Это было написано посредине листа крупно и размашисто. А ниже — мелко и неровно: «Смерть чаще всего приходит перед рассветом, чтобы дать понять, что она сильнее надежды на новый день. И она действительно сильнее».
— Нет, плохо, Леночка. Не надо так. Нельзя, — покачал головой Денисов. И пошел к холодильнику.
Лена пила водку с Денисовым и тихо плакала, перемежая всхлипывания какими-то бесполезными и бессвязными вопросами.
А Денисов, жалея ее бесконечно, грустил еще и о том, что не может ее сейчас сфотографировать (его фотоаппарат был заряжен сегодня суперкачественной немецкой пленкой), — снимок бы получился отменный. Такой он еще Лену не видел. Но, увы, нельзя было. Надо было сочувствовать и надо было находить нужные слова. Слова, слова… Как будто они когда-нибудь кому-нибудь помогли… А вот снимок бы получился совершенно потрясающий, это точно. И свет неплохо падает. Ничего менять не нужно. Эти невозможные глаза, полные слез. И вот этот момент, когда слеза отрывается от уголка глаза и медленно сползает по щеке.
Думая так, Денисов не молчал — говорил. Была у него эта способность: думать об одном, говорить другое.
— Смерть — это ведь не самое страшное. Непоправимое — да. Но не самое страшное. Поверь мне, Леночка. По крайней мере, это определенность. И во многих случаях понимание того, что человек отмучился. Надо верить, что твоей бабе Зое там лучше. Понимаешь?
— Но ведь это неправда, — качала головой Лена. — Неправда, что лучше.
— А кто знает? Я, кстати, и не сказал, что правда. Сказал, надо верить. Правда и вера — вещи разные. И еще, Леночка, смирение — вот что главное. Понимаешь?
— Нет, — упрямо мотала головой Лена. — Смириться — это значит спокойно принимать то зло, которое совершается в мире. Смириться — это значит ни JC кому не быть привязанным, не любить, не страдать от того, что кому-то плохо. Но ведь это невозможно! Невозможно. Как смириться с болезнями, с потерей близких? Как смириться, когда хочется кричать от боли, когда совершенно невыносимой становится тоска? Получается, что мы рождены только на страдания.
— Вот. Вот именно. Тебе, наверное, и отец Владимир твой это говорил. Говорил ведь, да?
Лена покивала: говорил, конечно. А Денисов продолжил:
— Нужно смириться с тем, что мы рождены на страдания. Страдать — это нормально для нормального человека. И смирение именно в этом, чтобы принимать эти страдания достойно.

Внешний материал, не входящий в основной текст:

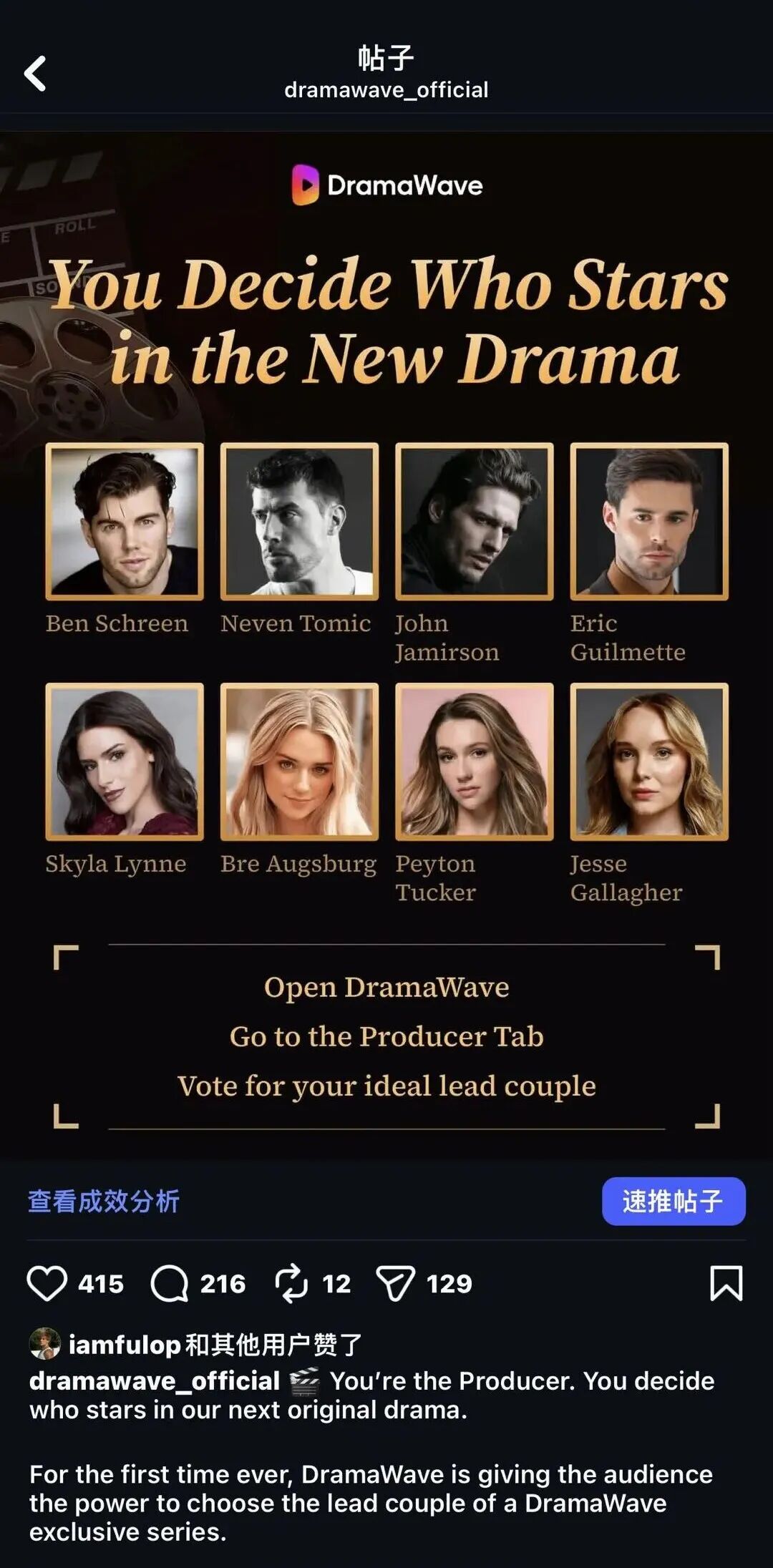 在注重传播广度的同时,DramaWave同样致力于与用户建立稳定的沟通机制,以提升品牌亲和力和用户粘性。平台一方面精心运营各大社交账号,及时回复用户评论、私信,认真听取观众反馈,让用户感受到官方的重视与陪伴;另一方面,定期举办各类互动活动。通过用心运营评论区、搭建粉丝群组并鼓励用户发声,平台逐步培养出高忠诚度的用户群,也进一步转化为持续的内容消费和口碑传播动力。

— Ничего не понимаю, — махнула рукой Лена. — Ничего. Страдание и смирение одновременно? А нельзя, чтобы не страдать?
— Попробуй.
— Да со мной-то такого не может быть. Мне, видно, это на роду написано.
— Вот видишь, — чуть ли не обрадовался Денисов. — Это уже где-то и смирение. Отчаяния не должно быть и уныния — это большой грех. А когда душа болит, да еще за ближнего, а не за себя, — это нормально.
На этих словах Денисов замолчал. Молчала и Лена. Соглашалась ли она с Денисовым? Не знаю. Понимала. Это да.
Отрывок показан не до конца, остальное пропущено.